Manufacture of μPAD with controlled channel size through precise microfabrication, and there is a problem that uniform color development is insufficient in complex measurement assays only by adjusting the fine channel size. In the present invention, micro/nano particles are used for uniformity of reaction. To enhance the detection sensitivity. That is, the enzyme was immobilized using silica fine particles and nanoparticles containing an amine functional group, and the color development homogeneity in the detection region was improved by immobilization of the enzyme.

More specifically, C-μPAD is prepared by depositing evaporated trichloro(1H,1H,2H,2H-perfluorooctyl) silane (TCS) on a masked chromatography paper using a vacuum chamber.

More specifically, a fluid pattern is drawn in AutoCAD, and it is cut into pieces of polyvinyl tape (3M Inc.) using a vinyl cutter Roland RX-1. Thereafter, the fluid pattern was attached to a piece of chromatographic paper, and the paper to which the fluid pattern was attached was moved to a vacuum chamber containing 100 μL of TCS and heated at 55°C. After vapor deposition for 2 minutes in a vacuum chamber, the patterned paper is taken out of the vacuum chamber and placed on a 70°C hot plate to remove the vinyl tape from the top. It includes a floral pattern for detecting multiple heavy metal ions. The C-μPAD of the floral pattern contains a channel leading to the sample inlet and four sense reservoirs. The channel allows liquid to reach the sensing zone at the same time.

DI water, APTES ((3-Aminopropyl)triethoxysilane, amine) with concentrations ranging from 0% to 5%, TESPSA (triethoxysilylpropyl succinic anhydride, carboxyl) and MPTMS ((3-Mercaptopropyl)trimethoxysilane, thiols) each 2 μL solution Was prepared and heated at 110° C. for 30 minutes in each well-spot of C-μPAD, and applied. The silane compound contained in APTES (amine), TESPSA (carboxyl) and MPTMS (thiols) is covalently bound to the cellulose matrix on the chromatography paper by the heating.

Dimethylglyoxime is a colorimetric reagent for the detection of Ni(II), and dimethylglyoxime is applied to the NH2 functionalized surface, and hydrolysis is performed at 95°C to attach dimethylglyoxime to the NH2 functional group. Similarly, 1,5-Diphenylcarbazide is a reagent for the detection of Cr (VI), and is fixed to a COOH functional group through carbodiimide coupling. In the detection of Hg(II), Michler's thioketone (4,4'-Bis(dimethylamino)thiobenzophenone) is fixed in the SH group.

The C-μPAD prepared in this way reacts with a liquid containing heavy metals to change color, and it is possible to check the presence or absence of heavy metals through the color change.

At this time, the higher the heavy metal content in the liquid contacting the paper sensor unit 200, the higher the color concentration expressed in the coating composition formed on the paper sensor unit 200 is.

FIG. 2 illustrates an example in which color concentrations are divided into '0 steps' to '10 steps' and colors are expressed by concentrations in the paper sensor unit. 'Stage 0'does not contain heavy metals, and each step becomes colorically darker.

At this time, the steps of the paper sensor unit 200 may be formed in a plurality of steps.

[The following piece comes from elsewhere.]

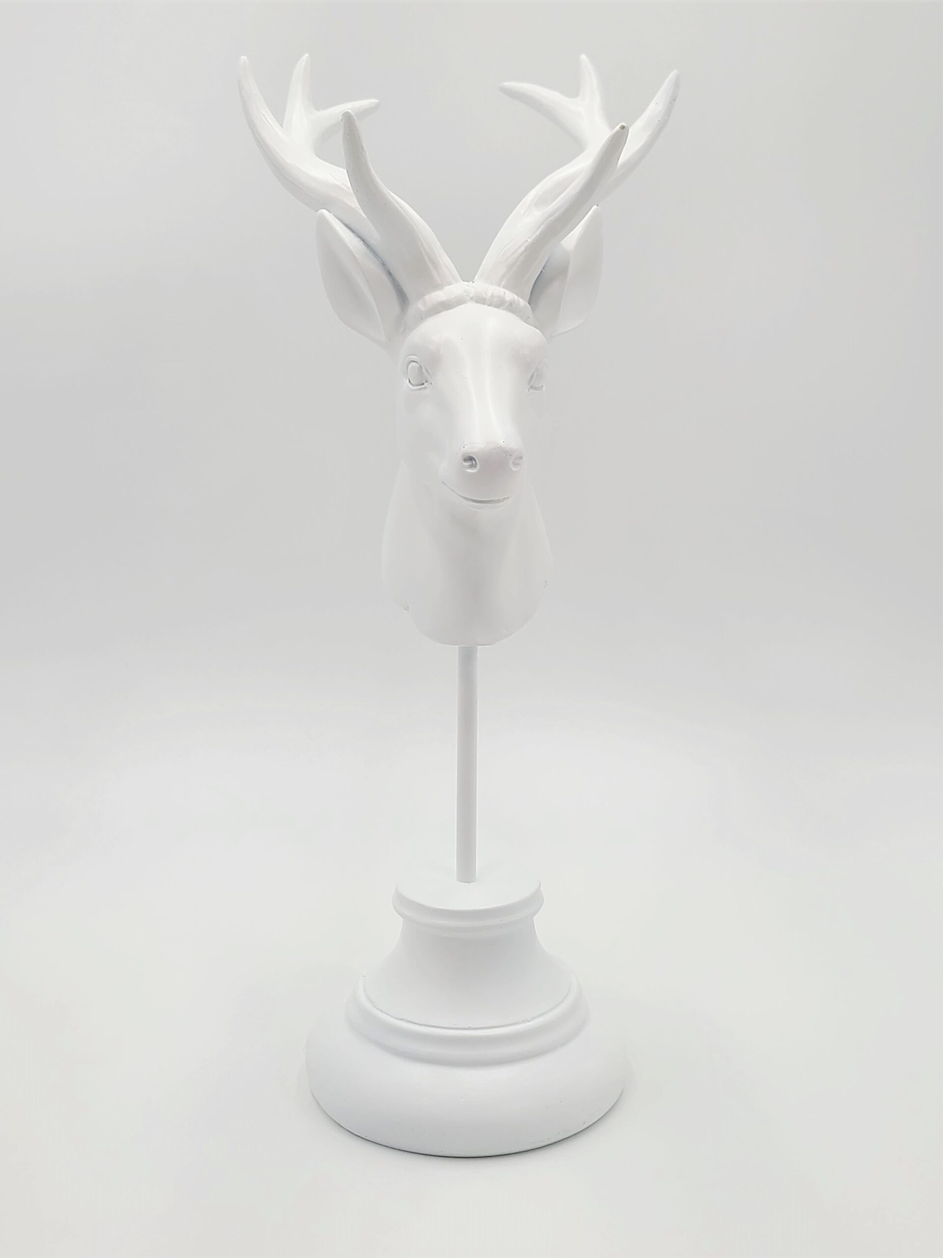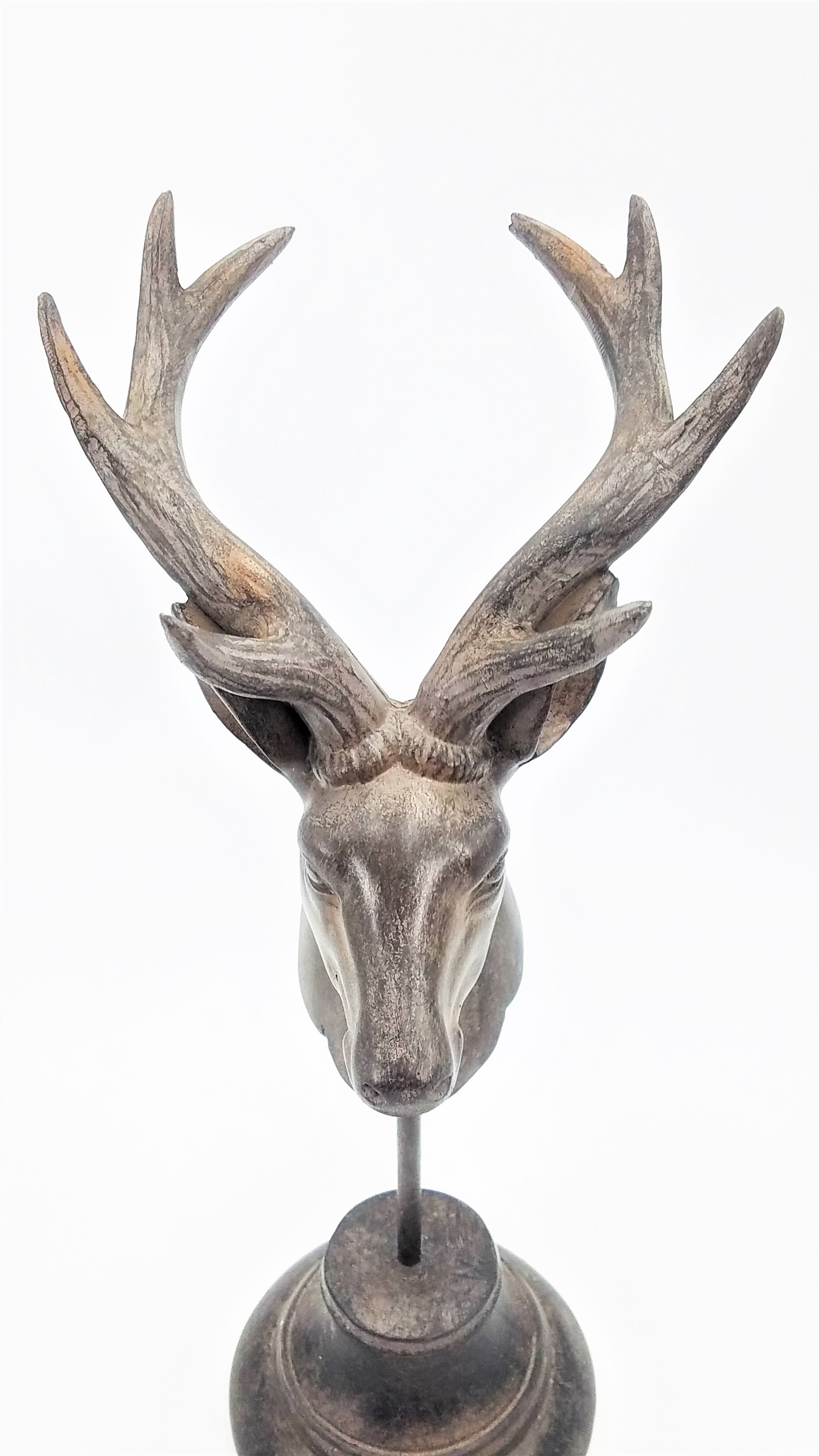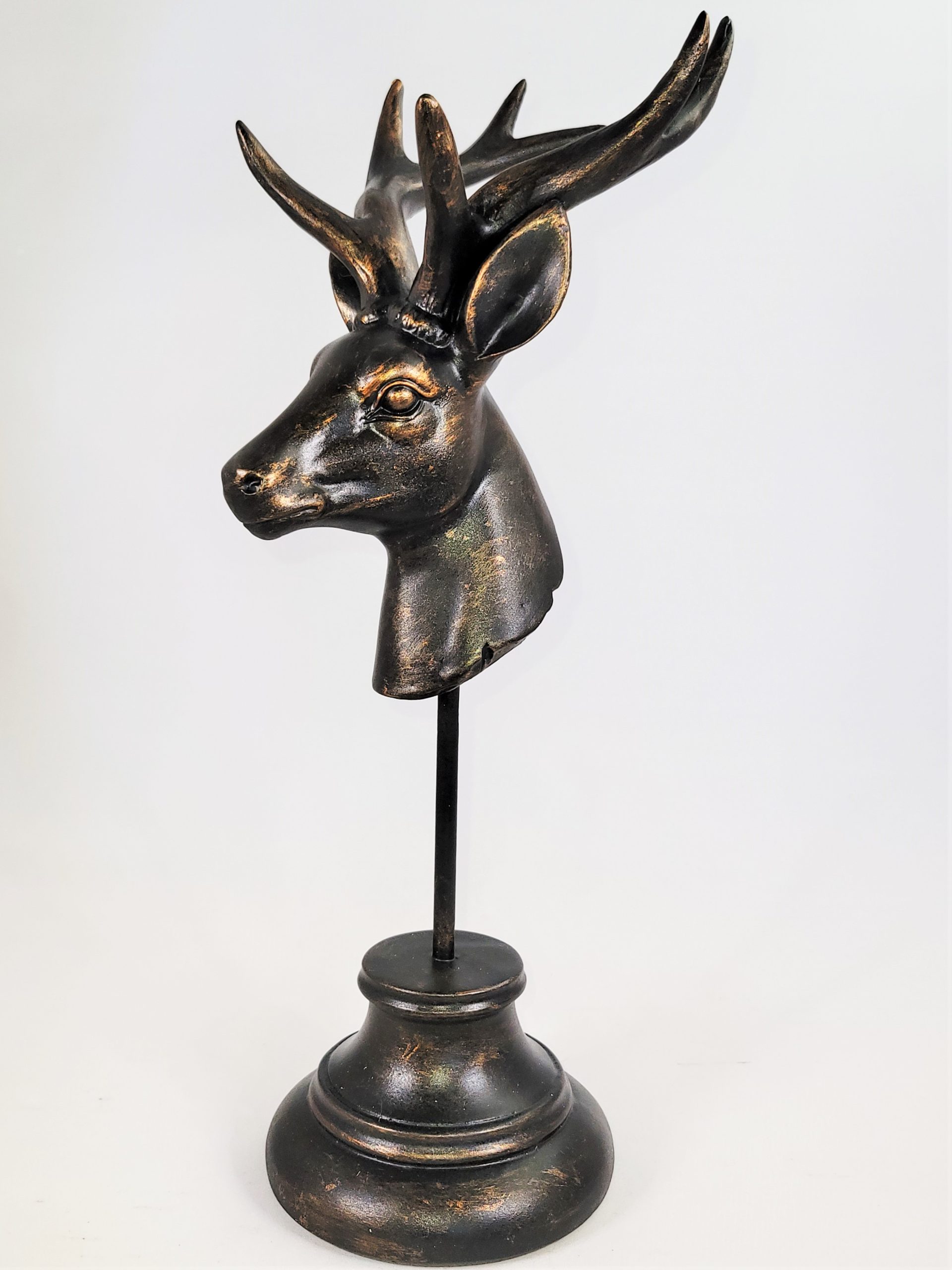 Buck statue designed and crafted with high attention to detail. Add a natural look to your home with this lifelike deer head statue mounted on a pedestal.

C-μPAD constituting the paper sensor unit 200 may react with metal ions to form a colored metal complex within 1 minute. At this time, the color concentration of the metal complex formed according to the concentration range of the metal ion appears differently, and due to the difference in the color concentration, it is possible to confirm the degree of inclusion of the metal ion. For example, Ni (II) reacts with dimethylglyoxime to produce a dark pink complex. Cr(VI) reacts with 1,5-diphenylcarbazide to produce a purple complex. The Hg(II) solution produces a Michler's thioketone-Hg (II) complex that exhibits a brown color. The color density decreases with the metal concentration, and color development is not obtained in the negative-control zone, so the difference in color change can be compared.

The detection limit (LOD) of each heavy metal ion is calculated using (3.3σ)/S, where σ is the standard deviation and S is the slope of the calibration curve. The LOD value calculated by the above calculation method was determined to be 0.24 ppm for Ni (II), 0.18 ppm for Cr (VI), and 0.19 ppm for Hg (II).

The color difference appears depending on the content of ions within the limit value range of each heavy metal ion.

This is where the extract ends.